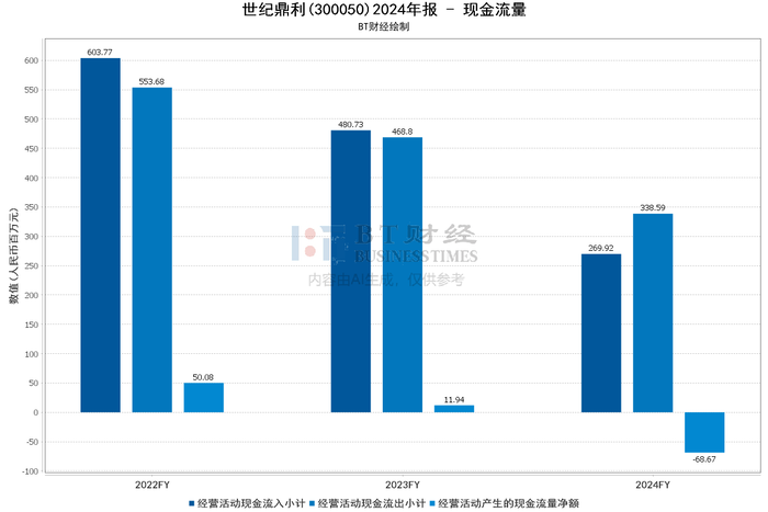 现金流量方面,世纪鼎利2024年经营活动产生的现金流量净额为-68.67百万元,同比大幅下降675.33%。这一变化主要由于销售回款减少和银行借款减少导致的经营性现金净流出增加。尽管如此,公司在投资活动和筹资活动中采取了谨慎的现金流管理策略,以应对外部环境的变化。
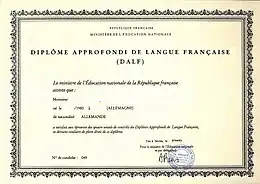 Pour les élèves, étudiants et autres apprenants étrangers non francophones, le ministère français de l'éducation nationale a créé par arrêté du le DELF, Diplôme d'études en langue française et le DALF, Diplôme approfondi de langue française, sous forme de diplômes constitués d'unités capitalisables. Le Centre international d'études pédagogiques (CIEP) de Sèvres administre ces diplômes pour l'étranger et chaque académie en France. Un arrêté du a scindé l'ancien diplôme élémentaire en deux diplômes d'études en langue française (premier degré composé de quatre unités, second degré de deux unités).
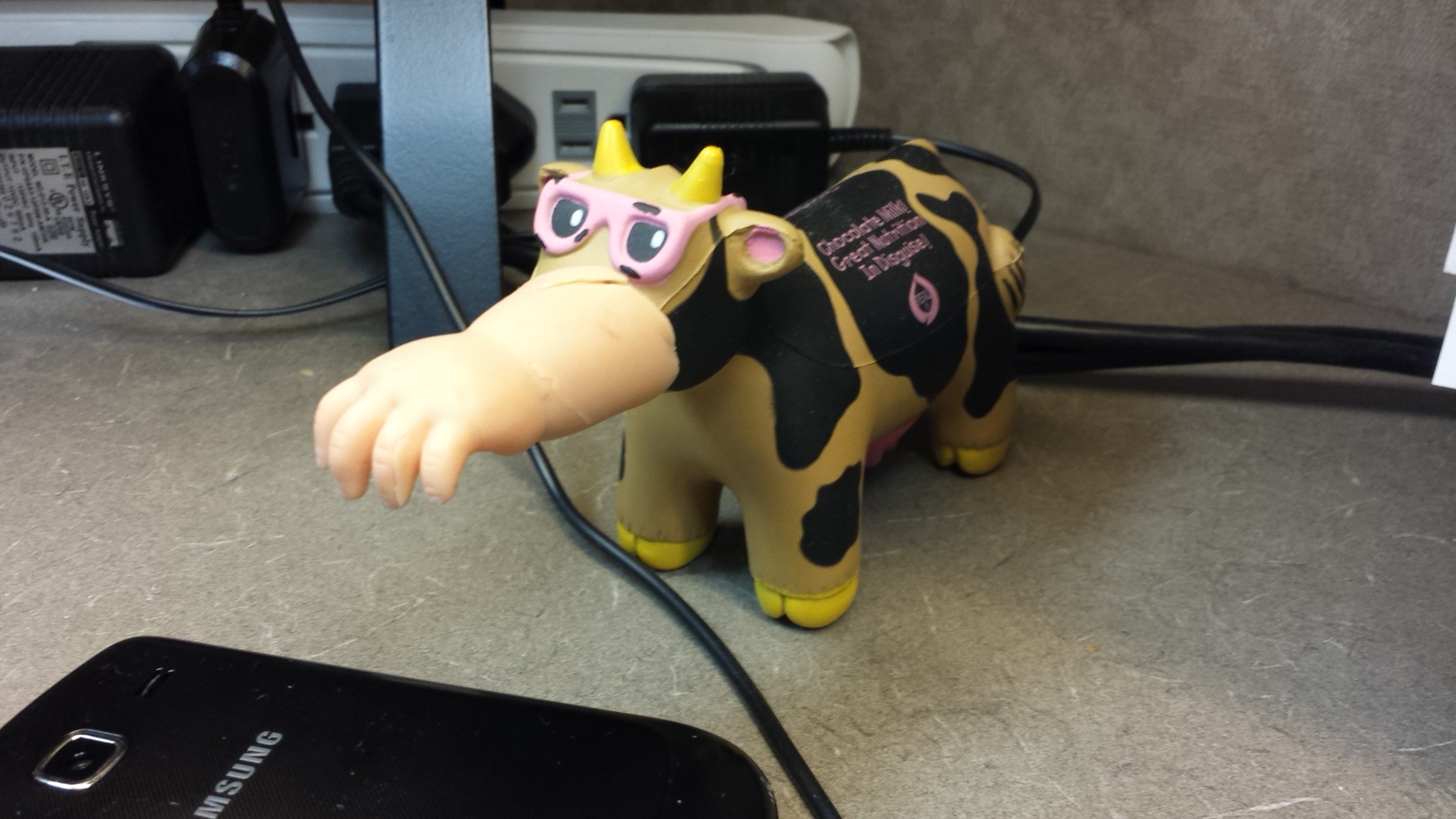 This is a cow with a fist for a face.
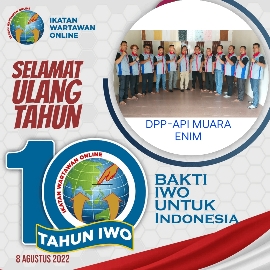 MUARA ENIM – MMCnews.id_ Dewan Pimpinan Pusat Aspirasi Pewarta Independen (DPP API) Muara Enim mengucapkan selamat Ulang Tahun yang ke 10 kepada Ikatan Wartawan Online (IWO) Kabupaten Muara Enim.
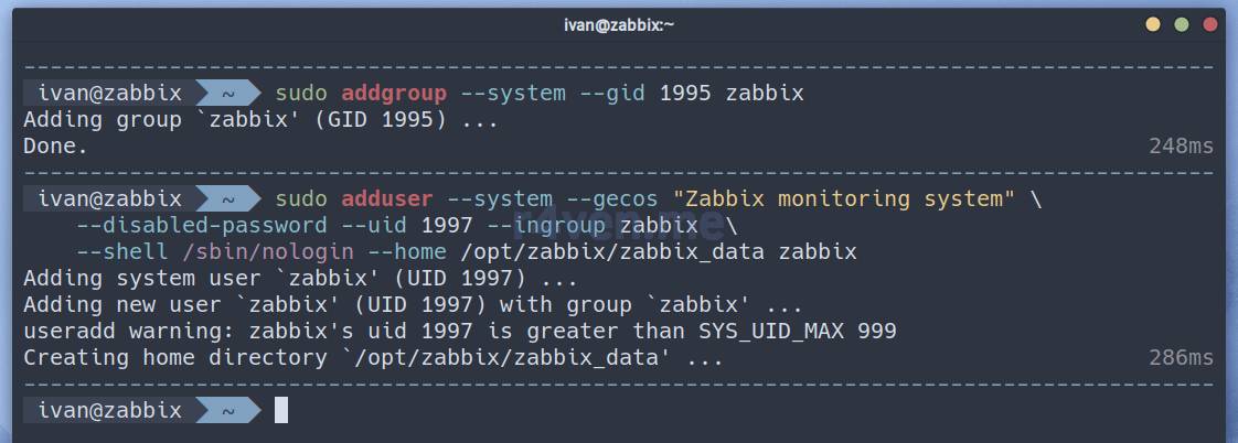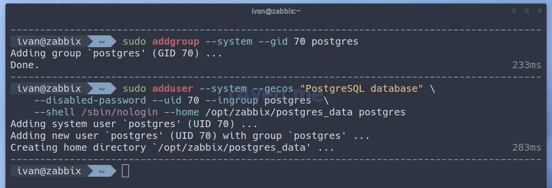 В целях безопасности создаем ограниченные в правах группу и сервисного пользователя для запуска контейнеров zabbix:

================

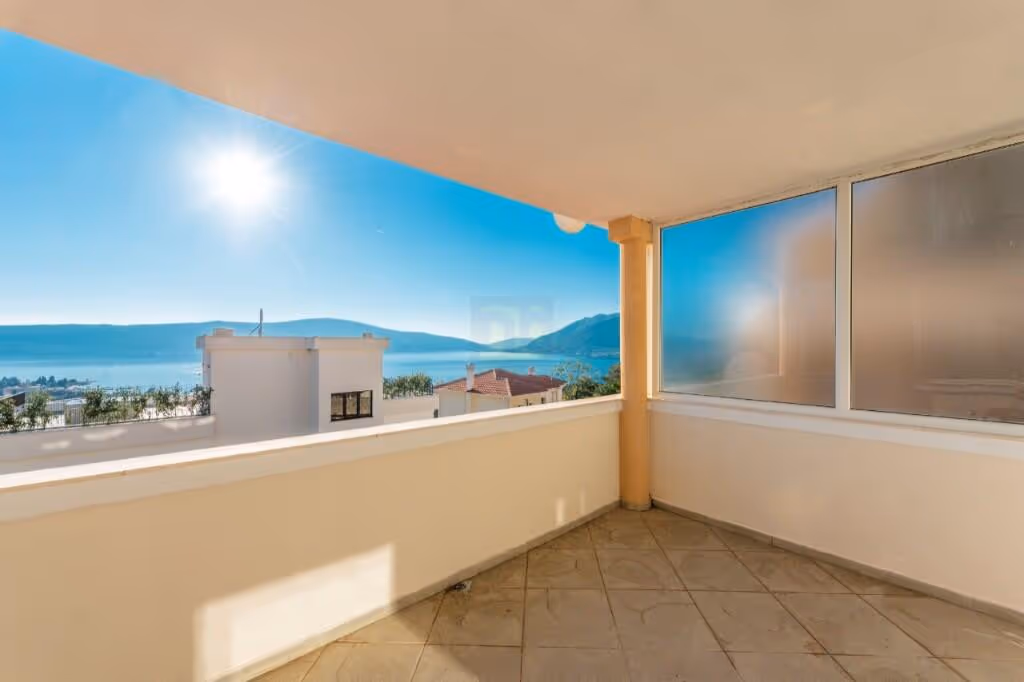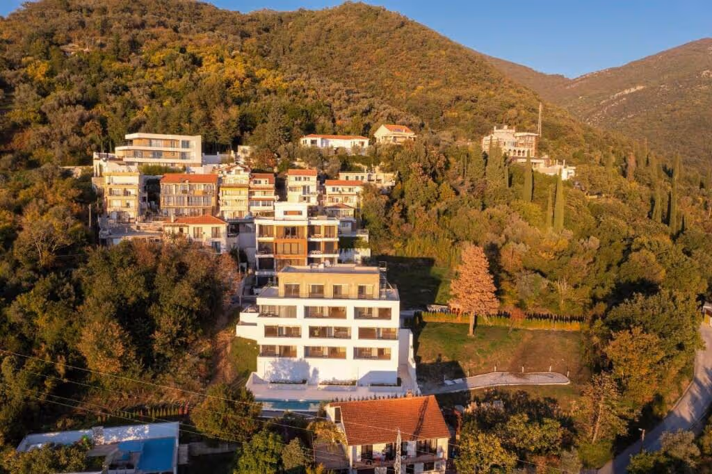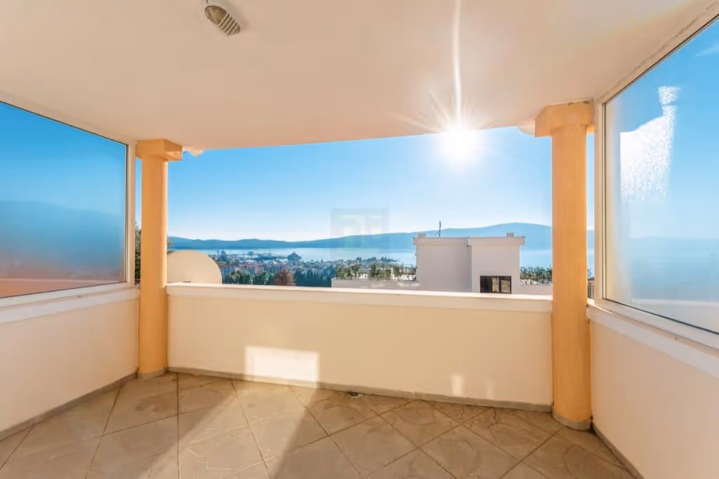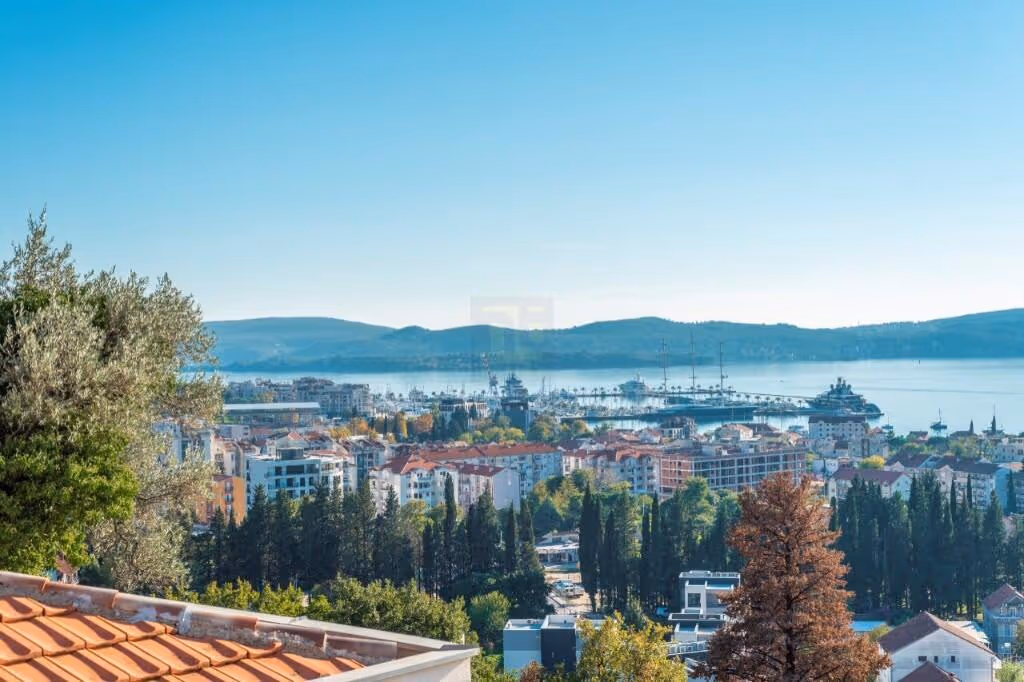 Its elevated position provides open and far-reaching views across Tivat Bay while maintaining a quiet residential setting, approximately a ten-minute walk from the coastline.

================

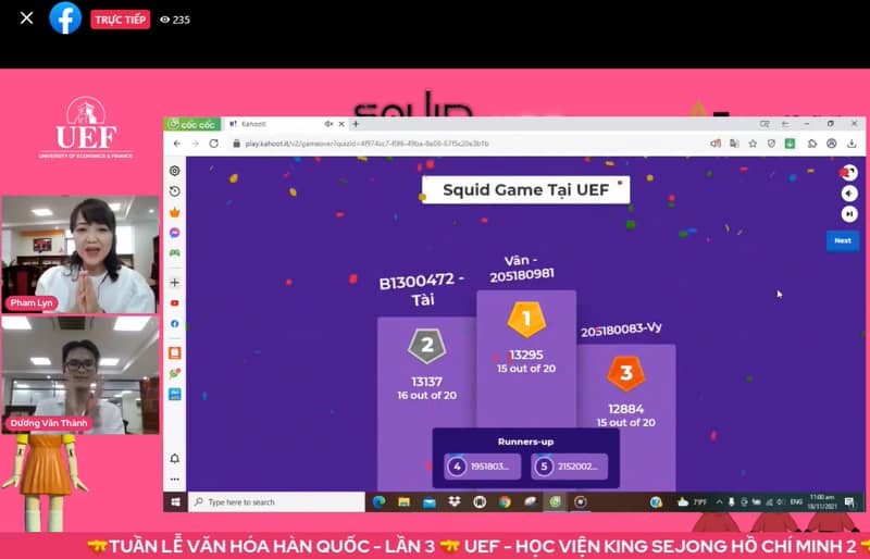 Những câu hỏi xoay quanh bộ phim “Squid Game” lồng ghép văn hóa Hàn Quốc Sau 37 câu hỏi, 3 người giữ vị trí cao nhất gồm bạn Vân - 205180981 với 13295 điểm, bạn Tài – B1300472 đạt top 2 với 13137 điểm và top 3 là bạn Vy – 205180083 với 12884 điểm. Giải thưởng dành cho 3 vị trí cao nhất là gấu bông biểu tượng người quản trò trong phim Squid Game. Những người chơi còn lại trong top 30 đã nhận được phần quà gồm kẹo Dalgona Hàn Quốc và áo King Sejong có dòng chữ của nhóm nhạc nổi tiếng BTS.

================

> WHAT YOU SHOULD DO:
Using the material above, reproduce only the lines that run from the line with "Pour les élèves, étudiants" up to and including the line with "В целях безопасности", exactly, with the pictures dropped.

> TASK OUTPUT:
 Pour les élèves, étudiants et autres apprenants étrangers non francophones, le ministère français de l'éducation nationale a créé par arrêté du le DELF, Diplôme d'études en langue française et le DALF, Diplôme approfondi de langue française, sous forme de diplômes constitués d'unités capitalisables. Le Centre international d'études pédagogiques (CIEP) de Sèvres administre ces diplômes pour l'étranger et chaque académie en France. Un arrêté du a scindé l'ancien diplôme élémentaire en deux diplômes d'études en langue française (premier degré composé de quatre unités, second degré de deux unités).
 This is a cow with a fist for a face.
 MUARA ENIM – MMCnews.id_ Dewan Pimpinan Pusat Aspirasi Pewarta Independen (DPP API) Muara Enim mengucapkan selamat Ulang Tahun yang ke 10 kepada Ikatan Wartawan Online (IWO) Kabupaten Muara Enim.
 В целях безопасности создаем ограниченные в правах группу и сервисного пользователя для запуска контейнеров zabbix:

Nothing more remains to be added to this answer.